We will use two images:

  • xor_training.tiff for training and
  • xor.tiff for predicting.

Goal

We will solve the XOR problem (see context) with the MLP Classifier.

In order to do this, we will need a Neural Network with 3 layers: an input layer with 2 input neurons, a hidden layer with 2 neurons and an output layer with one neuron.

_images/xor_neural_network.PNG

We will however not do a normal classification. Instead, we will calculate the probability for each input that the output is class 1! Have another look at the training data, we have two classes: class 1 and class 2.

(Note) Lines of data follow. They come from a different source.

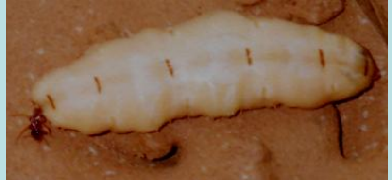
Macrotermes falciger Gerstacker. Isoptère, Termitidae
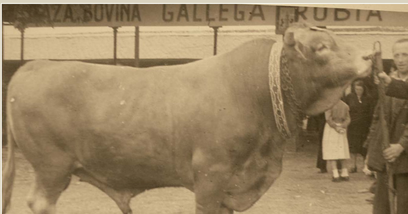
Feria del Campo. 1955

EN 1933 LA DIRECCIÓN GENERAL DE GANADERÍA ESTABLECE EL ESTÁNDAR RACIAL Y LA CREACIÓN DEL REGLAMENTO OFICIAL DE LOS LIBROS GENEALÓGICOS SIENDO A PARTIR DE AQUÍ CUANDO SE DENOMINA RAZA RUBIA GALLEGA.
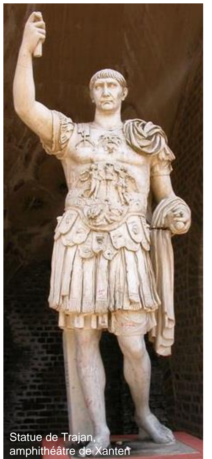
Statue de Trajan, amphithéâtre de Xanten

Claudien se sert de la figure de Trajan pour porter un programme politique. Honorius ne mérite pas d'être loué parce qu'il est aussi bon empereur que l'a été Trajan ; il méritera de l'être quand il suivra le programme prescrit par le poète. Le panégyrique se transforme en contrat moral conclu entre l'encomiaste et son sujet. Choisir de mettre en valeur l'héritage de Trajan, c'est placer Honorius dans la lignée du prince-citoyen, et appeler de ses vœux une forme de règne qui s'oppose en tout point à la royauté orientale de son frère Arcadius à Constantinople.
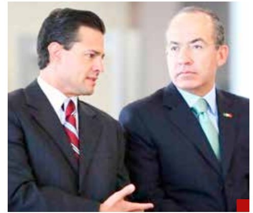
Enrique Peña Nieto no se metió con su antecesor.

1994; Ernesto Zedillo Ponce de León se fue al extremo al encarcelar a Raúl Salinas, hermano de su antecesor, acusado de ser asesino y pasar un sexenio publicitando las corruptelas de Carlos Salinas.
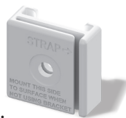
Clip 402106-20 Jeder Karton SignBOX 3 wird mit 40 Clips geliefert
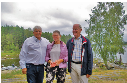
På söndagen gjordes en utflykt till Stenudden, strax utanför Karlstad. Där vi njöt av naturen och en lunch i det fria.
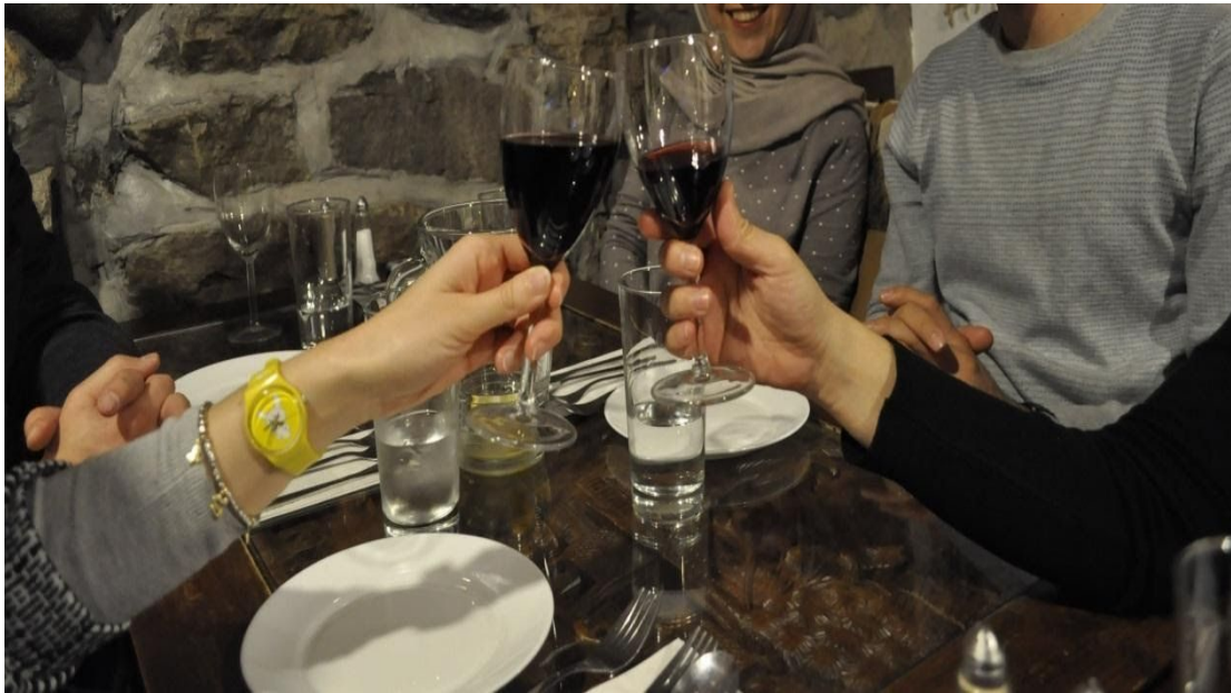
Παρέα με άλλες εθνότητες, φιλία
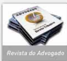
Revista do Advogado
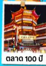
ตลาด 100 ปี
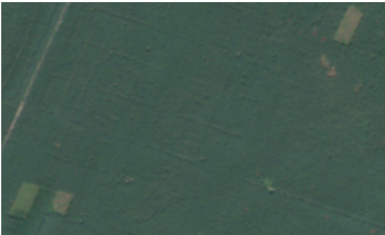
Рис. 3.1. Знімок від 24 серпня 2018р. (Sentinel-2, True Color)

Відбір зображень для референтних дат здійснювався за двома ключовими критеріями: мінімальна хмарність та належність до одного сезону. Пріоритет надавався знімкам за літній вегетаційний період (червень-серпень), оскільки максимальна вегетаційна активність рослинності в цей час забезпечує найбільш інформативні та зіставні дані. Порівняльний аналіз відібраних знімків уможливорює точну просторову локалізацію ділянок змін, ідентифікацію їхнього характеру та кількісну оцінку масштабів трансформації лісового покриву.
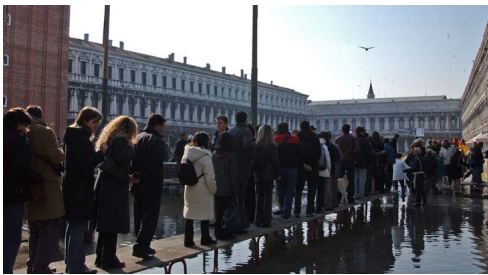
Βενετία. Πλατεία Αγίου Μάρκου. Τέλη Οκτωβρίου του '03.

Ειδικά όταν αποκτά την μαζικότητα μιας βαριάς βιομηχανίας. Είναι αρκετά χρόνια, που το θέμα έχει επισημανθεί και από πολίτες της Βενετίας και της Βαρκελώνης. Δεν μπορεί να υπάρξει αμφιβολία δε, ότι το ίδιο θέμα αντιμετωπίζουν όλοι οι αποκαλούμενοι και δημοφιλείς, προορισμοί. Αυτό που φαίνεται ότι έχει χαθεί είναι το μέτρο, η ισορροπία.
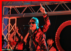
JB ORGA BAND with MOMO
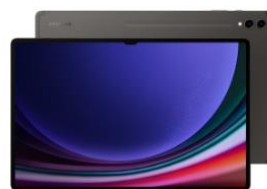
Galaxy Tab S9 Ultra
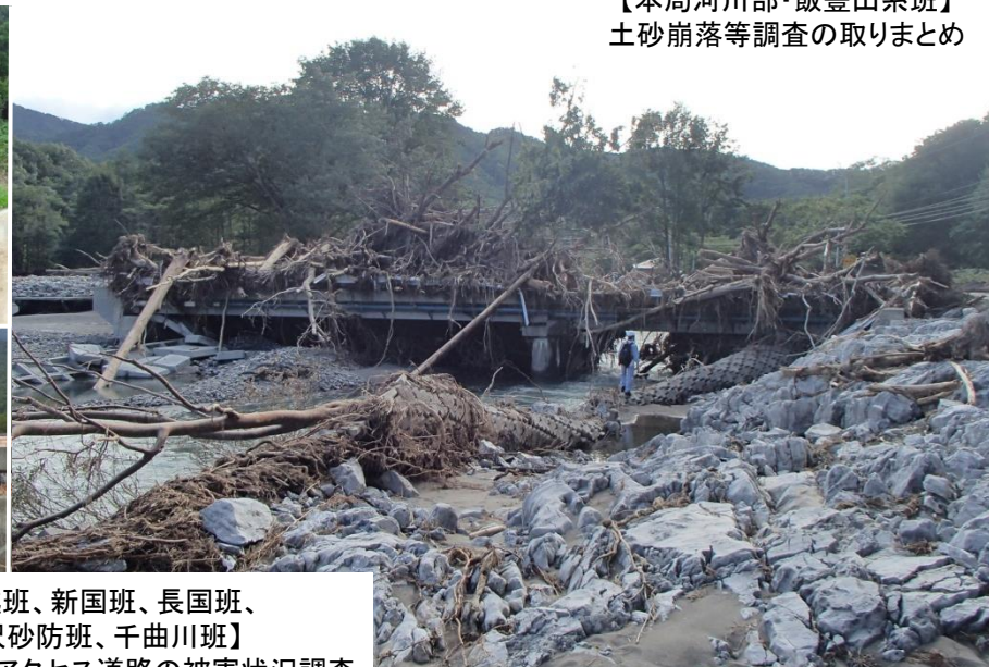
【本局河川部・飯豊山系班】 土砂崩落等調査の取りまとめ

Run the Neural Network MLPClassifier in QGIS

We need the following input for the GUI:

  • The image for classification: xor
  • The raster for training: xor_training
  • The no-data-value is -1
  • Number of neurons for each hidden layer: 2 neurons in 1 hidden layer
  • Test size: 0
  • We want the probability of class 1 (we have two classes, 1 and 2)
  • Output file path
_images/xor_gui.PNG

After the training, the network error is shown as a plot like:

_images/xor_network_error.PNG

The resulting image should look something like this:

_images/xor_image.PNG

Probability of each pixel being class 1, ranging from 0 (black, zero probability) to 1 (white, max certainty)

In theory there are two decision surfaces, the image above only shows one. Can you explain?